Assigned task>
Only the pictures should be left out; repeat the rest of the data exactly.

Exercise input>
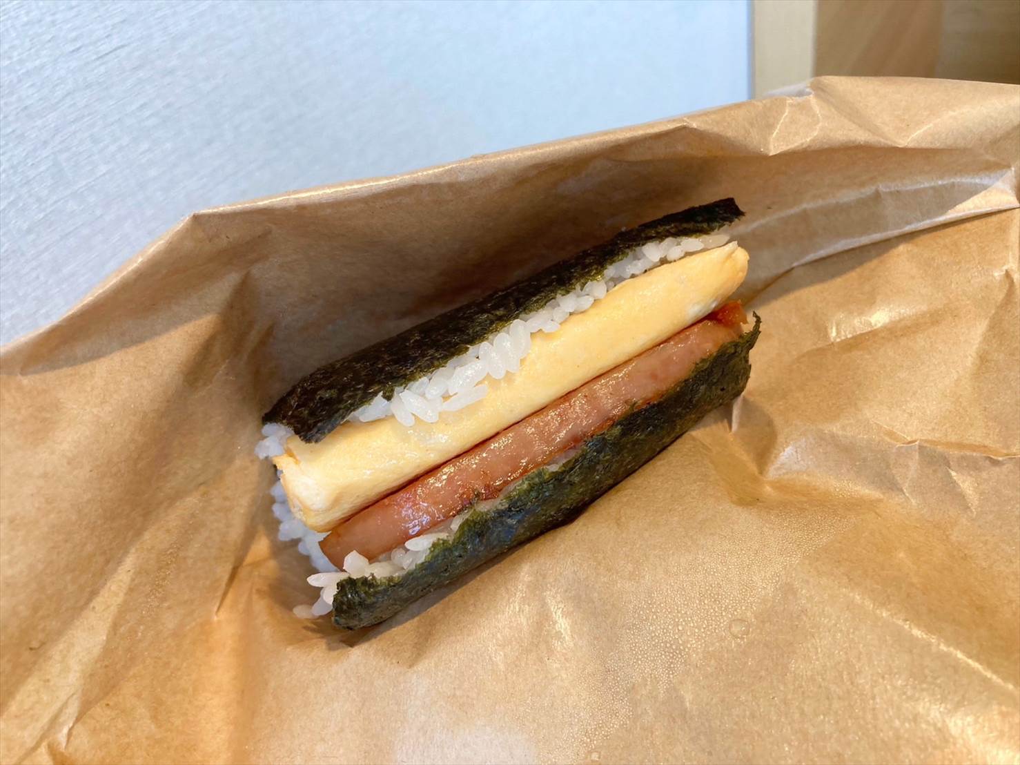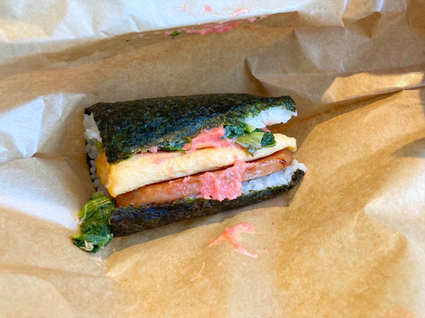できたてのおにぎりは思ったよりもアツアツで、ジューシーなスパムと濃厚なたまごの味がたまらない…。
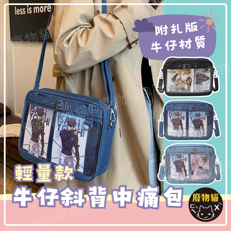 [可放A5有扎版] 牛仔斜背痛包 痛包 斜背包 10cm娃包 15cm娃包 [B0200] 廢物貓
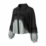 A modern statement blouse featuring sheer shadow mesh contrast and soft denim-inspired paneling for
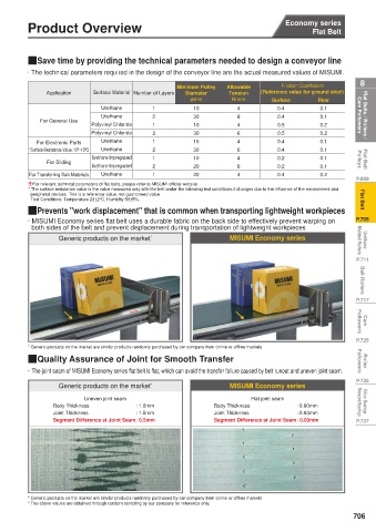 · The difference between MISUMI Economy series and MISUMI standard product is noise performance. · MISUMI Economy series flat belt uses a durable fabric on the back side to effectively prevent warping on P.705
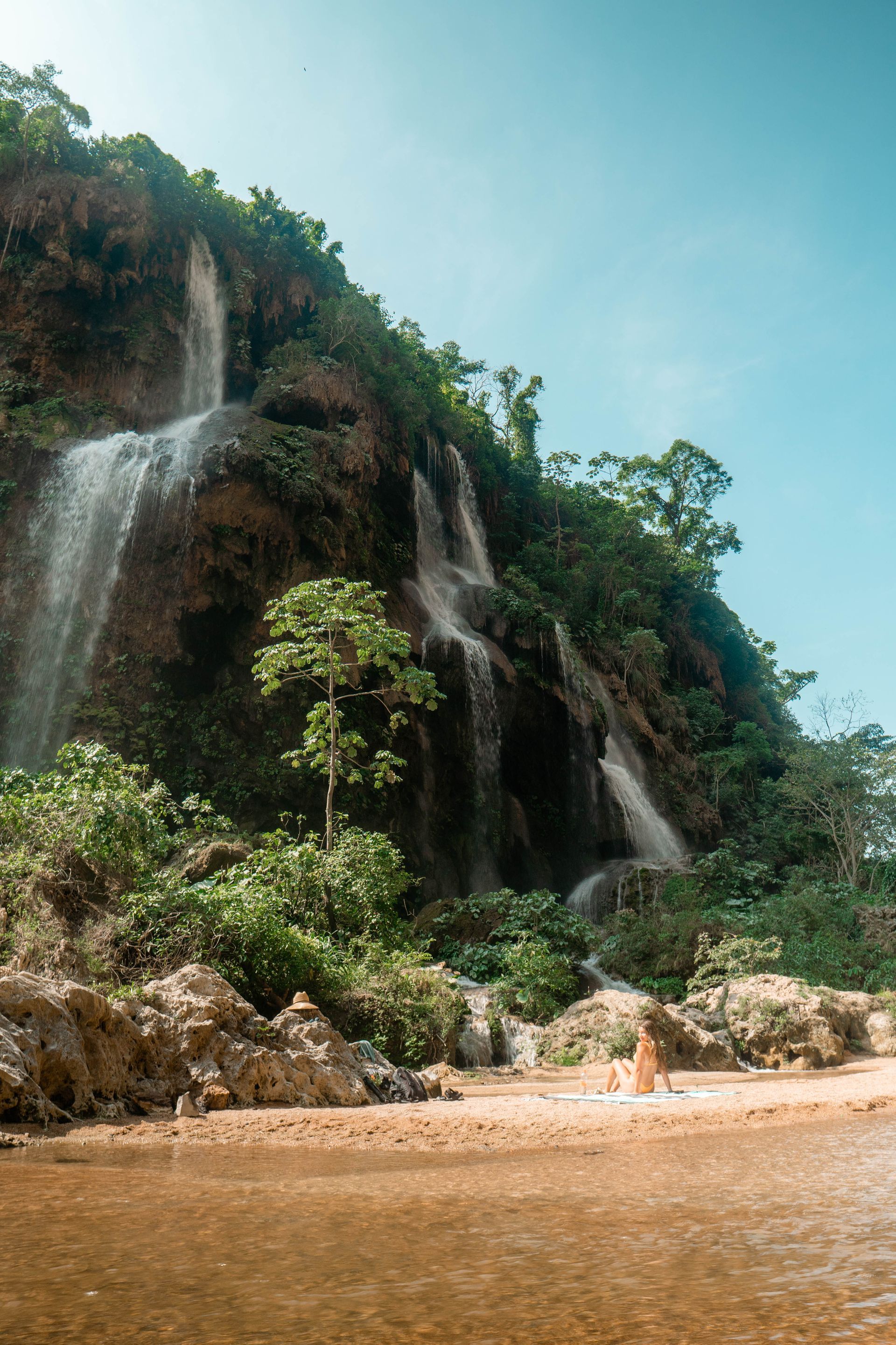 The adventure continues when we reach the base of the canyon as we follow an overgrown trail eager for our first glimpse of the falls. We can hear them, and when I push past a medley of large deep green leaves zesty with cobwebs, I can feel it. Above us a beautiful shower gifted from natures builder falls into pools and spreads along the canyon. We lay our blanket on a sand bar and take a moment to feel extremely small. The mist from the falls tickles our cheeks as we lay and watch birds soar back and forth through the canyon walls. A crystal clear and refreshing cold river curves through the canyon holding an ecosystem of its own. Where the jungle meets the desert. Walls lined with cacti and sand squeezing through our toes coexist with lush pockets of green where bugs are vocal, iguanas enjoy a bath and birds flutter through fruit trees. Our skin enjoys drinking up the cold water for some time until our stomachs announce it’s time to leave. Up we go.
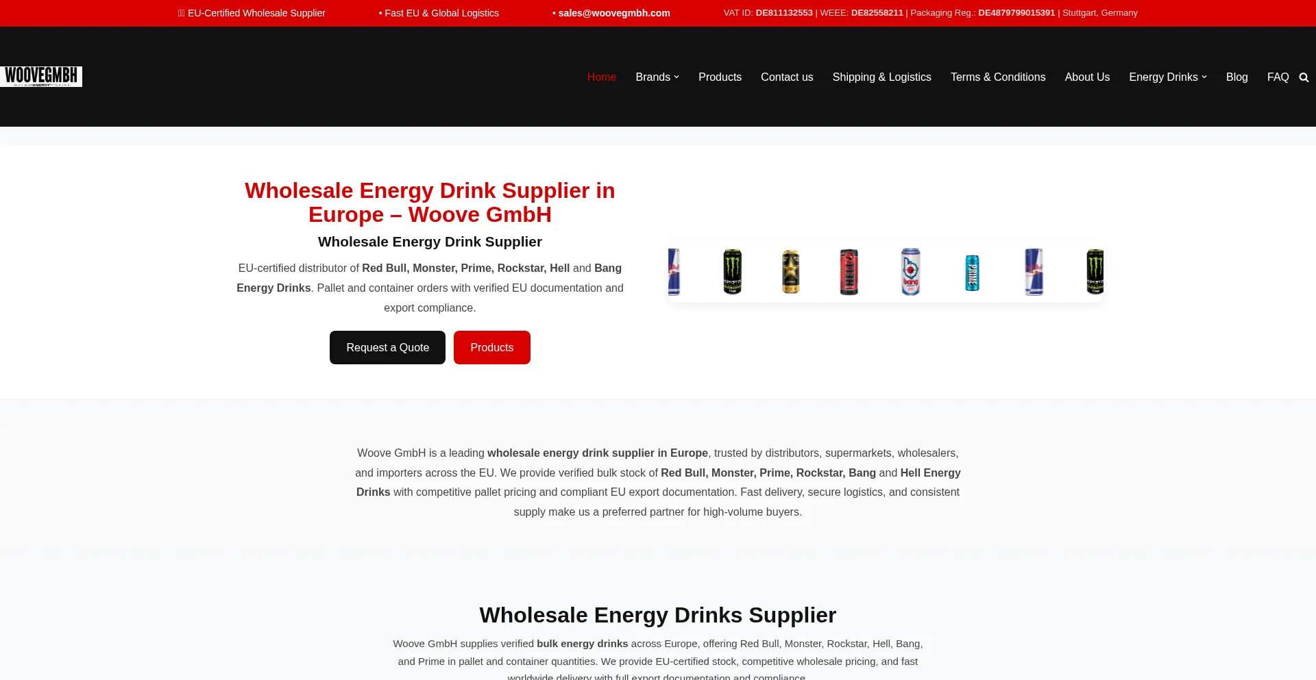 Woove GmbH, a leading EU-certified wholesale energy drink supplier from Germany, ships Red Bull, Monster, Prime, Rockstar, Hell & Bang in bulk across Europe.
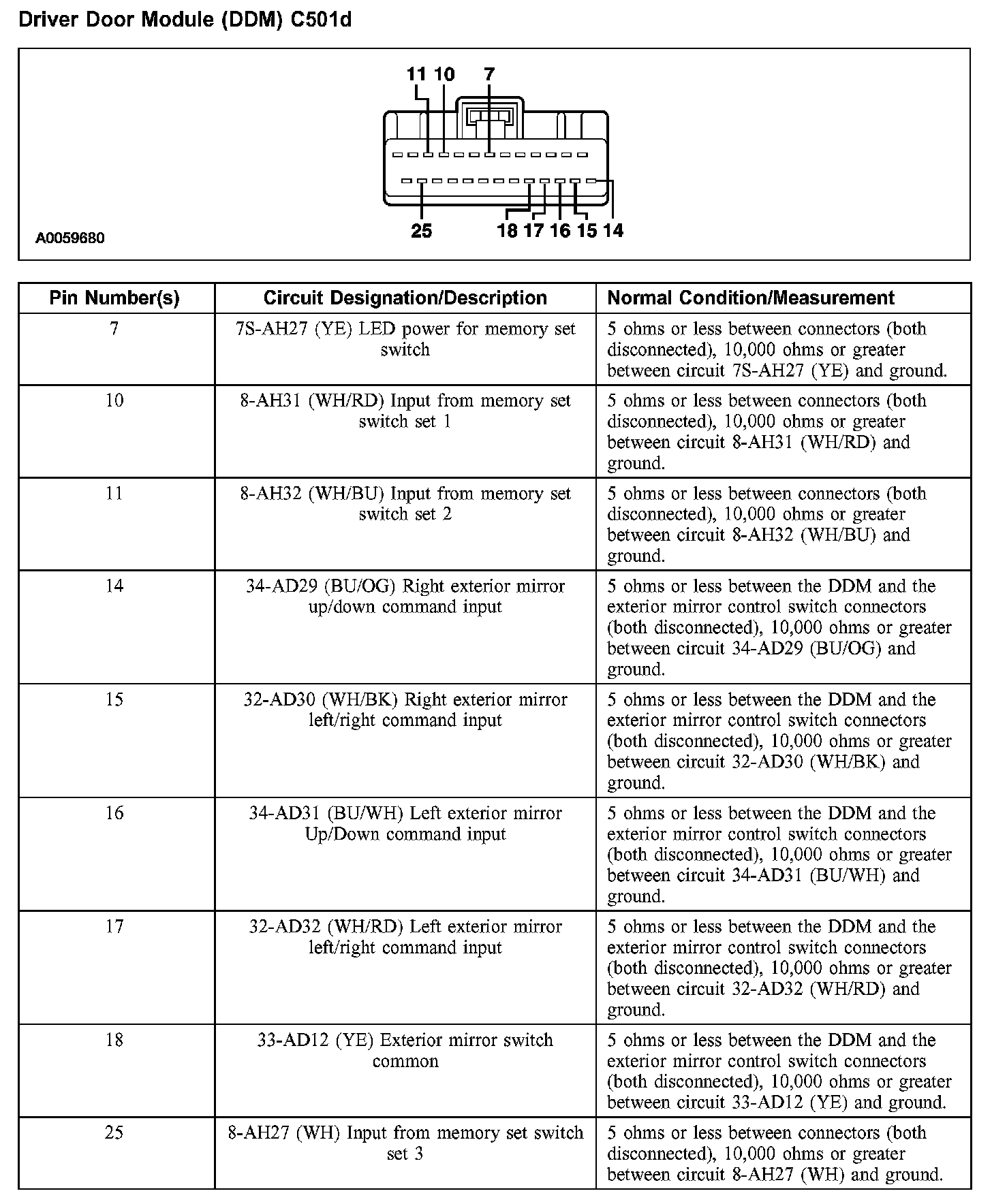 Driver Door Module (DDM) C501d:

Your solution>
できたてのおにぎりは思ったよりもアツアツで、ジューシーなスパムと濃厚なたまごの味がたまらない…。
 [可放A5有扎版] 牛仔斜背痛包 痛包 斜背包 10cm娃包 15cm娃包 [B0200] 廢物貓
 A modern statement blouse featuring sheer shadow mesh contrast and soft denim-inspired paneling for
 · The difference between MISUMI Economy series and MISUMI standard product is noise performance. · MISUMI Economy series flat belt uses a durable fabric on the back side to effectively prevent warping on P.705
 The adventure continues when we reach the base of the canyon as we follow an overgrown trail eager for our first glimpse of the falls. We can hear them, and when I push past a medley of large deep green leaves zesty with cobwebs, I can feel it. Above us a beautiful shower gifted from natures builder falls into pools and spreads along the canyon. We lay our blanket on a sand bar and take a moment to feel extremely small. The mist from the falls tickles our cheeks as we lay and watch birds soar back and forth through the canyon walls. A crystal clear and refreshing cold river curves through the canyon holding an ecosystem of its own. Where the jungle meets the desert. Walls lined with cacti and sand squeezing through our toes coexist with lush pockets of green where bugs are vocal, iguanas enjoy a bath and birds flutter through fruit trees. Our skin enjoys drinking up the cold water for some time until our stomachs announce it’s time to leave. Up we go.
 Woove GmbH, a leading EU-certified wholesale energy drink supplier from Germany, ships Red Bull, Monster, Prime, Rockstar, Hell & Bang in bulk across Europe.
 Driver Door Module (DDM) C501d:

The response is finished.